▶ [Prompt] Leave out the pictures and output exactly the lines below from the one with "Equally elegant and" down to the one with "การรถไฟแห่งประเทศไทย แจ้งรายละเอียด การยื่นเอกสารประกวดราคา", both of them included.

▶ [Records provided]
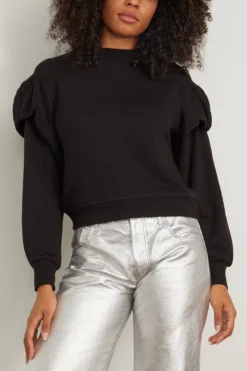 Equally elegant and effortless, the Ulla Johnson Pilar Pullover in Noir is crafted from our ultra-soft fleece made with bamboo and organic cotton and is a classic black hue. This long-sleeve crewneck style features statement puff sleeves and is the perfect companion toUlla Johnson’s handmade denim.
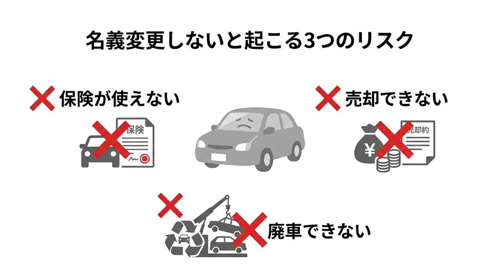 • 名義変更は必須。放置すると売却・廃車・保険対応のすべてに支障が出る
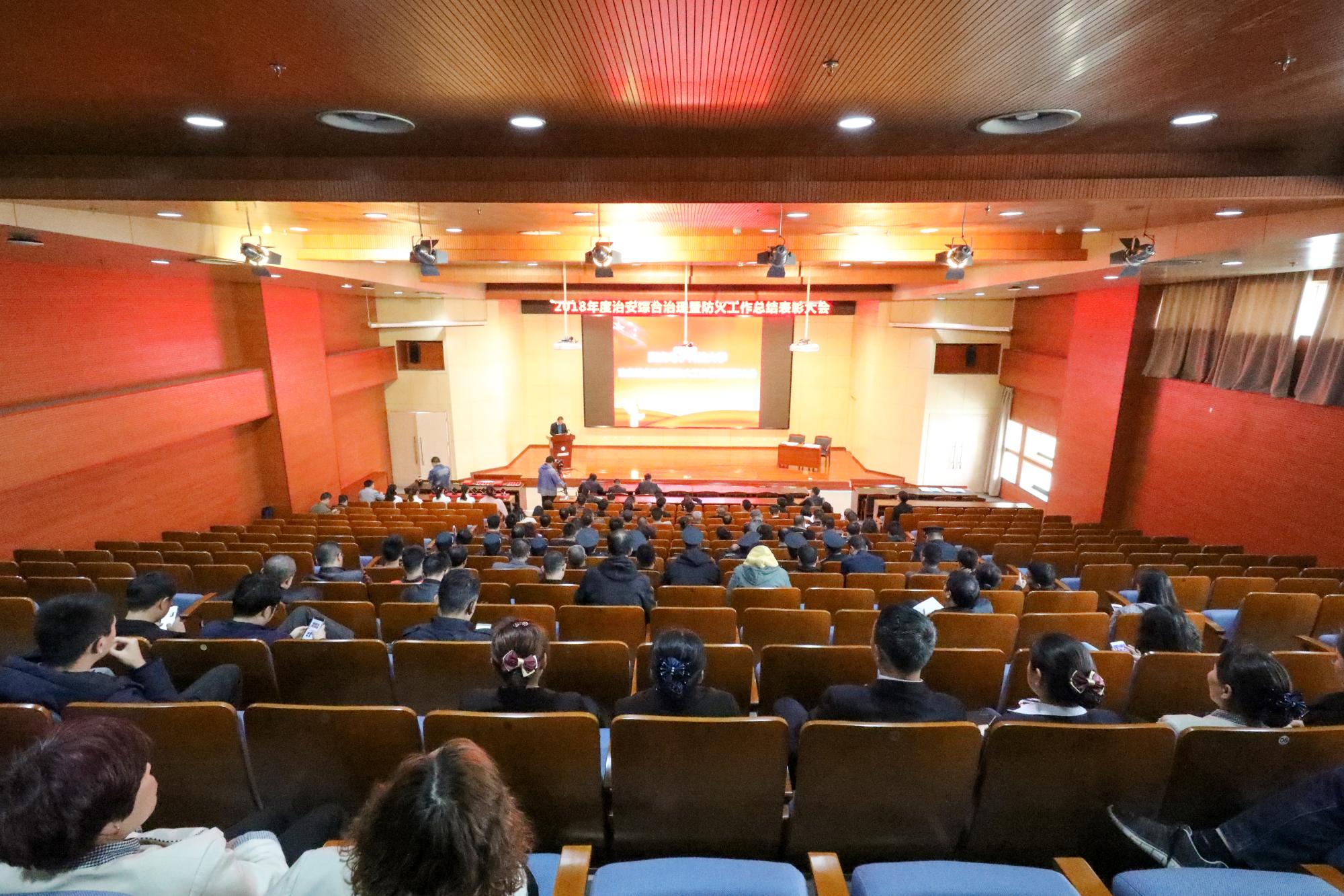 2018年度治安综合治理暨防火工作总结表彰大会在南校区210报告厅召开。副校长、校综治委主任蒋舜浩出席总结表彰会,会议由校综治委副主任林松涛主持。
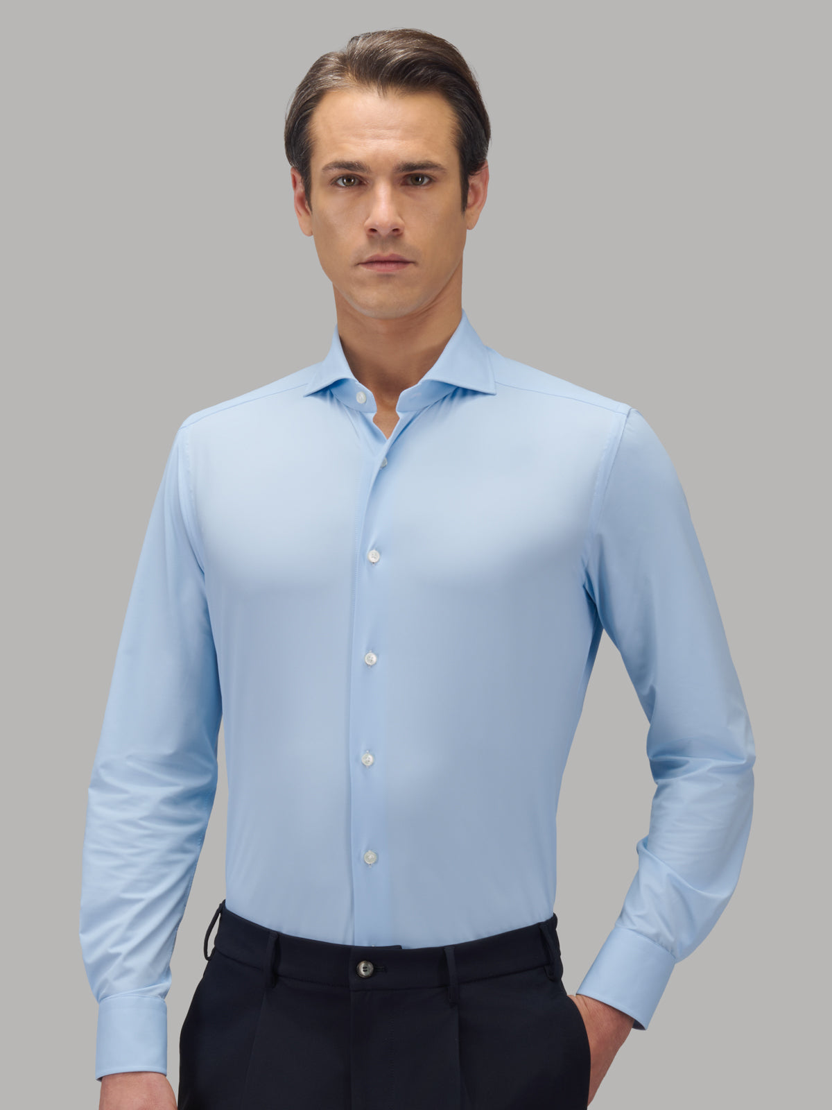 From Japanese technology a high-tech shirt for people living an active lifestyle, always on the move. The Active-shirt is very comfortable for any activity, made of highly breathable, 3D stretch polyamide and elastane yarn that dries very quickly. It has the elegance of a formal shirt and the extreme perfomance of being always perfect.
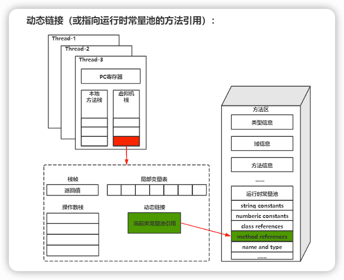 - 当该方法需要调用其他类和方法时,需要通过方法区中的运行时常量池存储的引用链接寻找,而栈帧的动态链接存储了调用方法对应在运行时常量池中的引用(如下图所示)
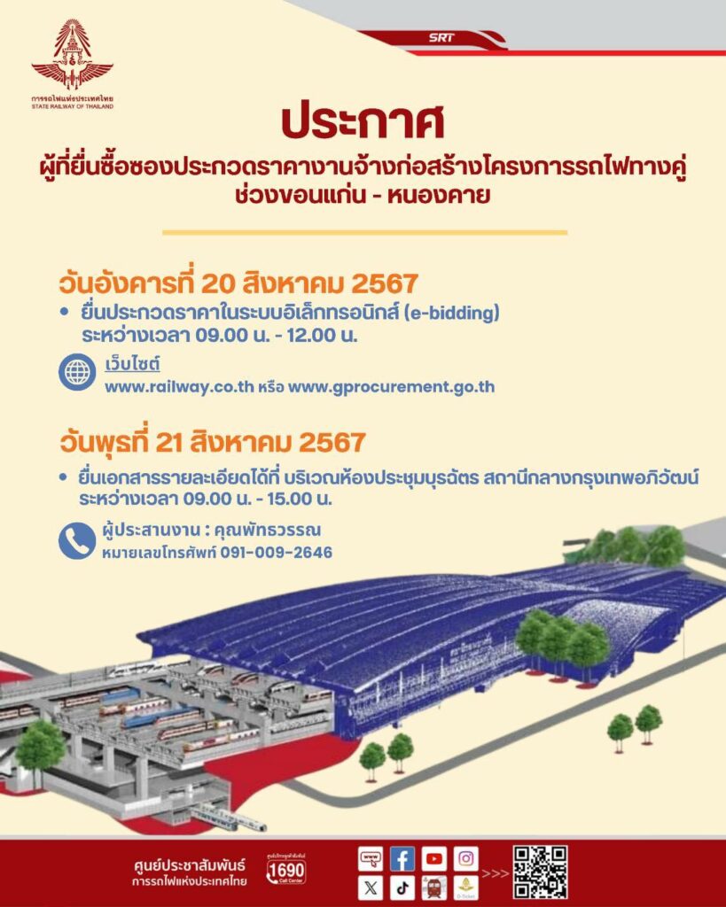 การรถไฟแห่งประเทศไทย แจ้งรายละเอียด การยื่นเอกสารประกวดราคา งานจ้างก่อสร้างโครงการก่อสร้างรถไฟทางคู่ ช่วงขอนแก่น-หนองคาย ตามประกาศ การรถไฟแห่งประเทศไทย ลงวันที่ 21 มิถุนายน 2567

---

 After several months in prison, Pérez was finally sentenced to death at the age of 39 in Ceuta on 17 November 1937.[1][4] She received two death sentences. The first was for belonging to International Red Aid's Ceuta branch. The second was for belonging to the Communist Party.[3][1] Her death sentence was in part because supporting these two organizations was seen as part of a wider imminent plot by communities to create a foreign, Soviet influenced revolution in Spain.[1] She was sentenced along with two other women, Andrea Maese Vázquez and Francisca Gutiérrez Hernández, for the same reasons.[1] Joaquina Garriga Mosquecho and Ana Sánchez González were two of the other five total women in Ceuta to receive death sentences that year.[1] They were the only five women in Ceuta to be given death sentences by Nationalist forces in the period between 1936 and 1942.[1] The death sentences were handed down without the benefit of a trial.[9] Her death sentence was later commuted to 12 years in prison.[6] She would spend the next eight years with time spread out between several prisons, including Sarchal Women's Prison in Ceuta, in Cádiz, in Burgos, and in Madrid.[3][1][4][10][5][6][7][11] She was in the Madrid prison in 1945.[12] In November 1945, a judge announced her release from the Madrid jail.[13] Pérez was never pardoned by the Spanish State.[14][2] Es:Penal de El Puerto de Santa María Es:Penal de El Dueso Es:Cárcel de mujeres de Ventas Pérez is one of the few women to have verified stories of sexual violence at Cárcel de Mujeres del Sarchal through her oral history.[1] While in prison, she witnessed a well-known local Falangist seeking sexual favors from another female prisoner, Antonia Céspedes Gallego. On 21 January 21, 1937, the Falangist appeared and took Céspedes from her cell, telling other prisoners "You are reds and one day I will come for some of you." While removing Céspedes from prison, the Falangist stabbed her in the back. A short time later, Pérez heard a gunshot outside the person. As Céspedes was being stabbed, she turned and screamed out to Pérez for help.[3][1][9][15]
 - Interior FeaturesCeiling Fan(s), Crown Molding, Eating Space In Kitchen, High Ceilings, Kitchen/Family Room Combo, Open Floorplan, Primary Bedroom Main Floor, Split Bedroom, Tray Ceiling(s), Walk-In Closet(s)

* * *

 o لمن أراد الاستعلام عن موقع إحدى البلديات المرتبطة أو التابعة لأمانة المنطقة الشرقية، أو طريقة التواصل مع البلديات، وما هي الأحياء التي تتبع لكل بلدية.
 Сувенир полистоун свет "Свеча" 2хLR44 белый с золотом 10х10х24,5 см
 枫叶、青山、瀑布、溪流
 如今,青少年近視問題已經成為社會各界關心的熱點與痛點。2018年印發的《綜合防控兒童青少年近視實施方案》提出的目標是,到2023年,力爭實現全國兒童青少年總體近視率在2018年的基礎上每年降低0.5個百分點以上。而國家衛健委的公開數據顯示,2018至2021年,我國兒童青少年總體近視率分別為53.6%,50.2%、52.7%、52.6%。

▶ [Answer space]
 Equally elegant and effortless, the Ulla Johnson Pilar Pullover in Noir is crafted from our ultra-soft fleece made with bamboo and organic cotton and is a classic black hue. This long-sleeve crewneck style features statement puff sleeves and is the perfect companion toUlla Johnson’s handmade denim.
 • 名義変更は必須。放置すると売却・廃車・保険対応のすべてに支障が出る
 2018年度治安综合治理暨防火工作总结表彰大会在南校区210报告厅召开。副校长、校综治委主任蒋舜浩出席总结表彰会,会议由校综治委副主任林松涛主持。
 From Japanese technology a high-tech shirt for people living an active lifestyle, always on the move. The Active-shirt is very comfortable for any activity, made of highly breathable, 3D stretch polyamide and elastane yarn that dries very quickly. It has the elegance of a formal shirt and the extreme perfomance of being always perfect.
 - 当该方法需要调用其他类和方法时,需要通过方法区中的运行时常量池存储的引用链接寻找,而栈帧的动态链接存储了调用方法对应在运行时常量池中的引用(如下图所示)
 การรถไฟแห่งประเทศไทย แจ้งรายละเอียด การยื่นเอกสารประกวดราคา งานจ้างก่อสร้างโครงการก่อสร้างรถไฟทางคู่ ช่วงขอนแก่น-หนองคาย ตามประกาศ การรถไฟแห่งประเทศไทย ลงวันที่ 21 มิถุนายน 2567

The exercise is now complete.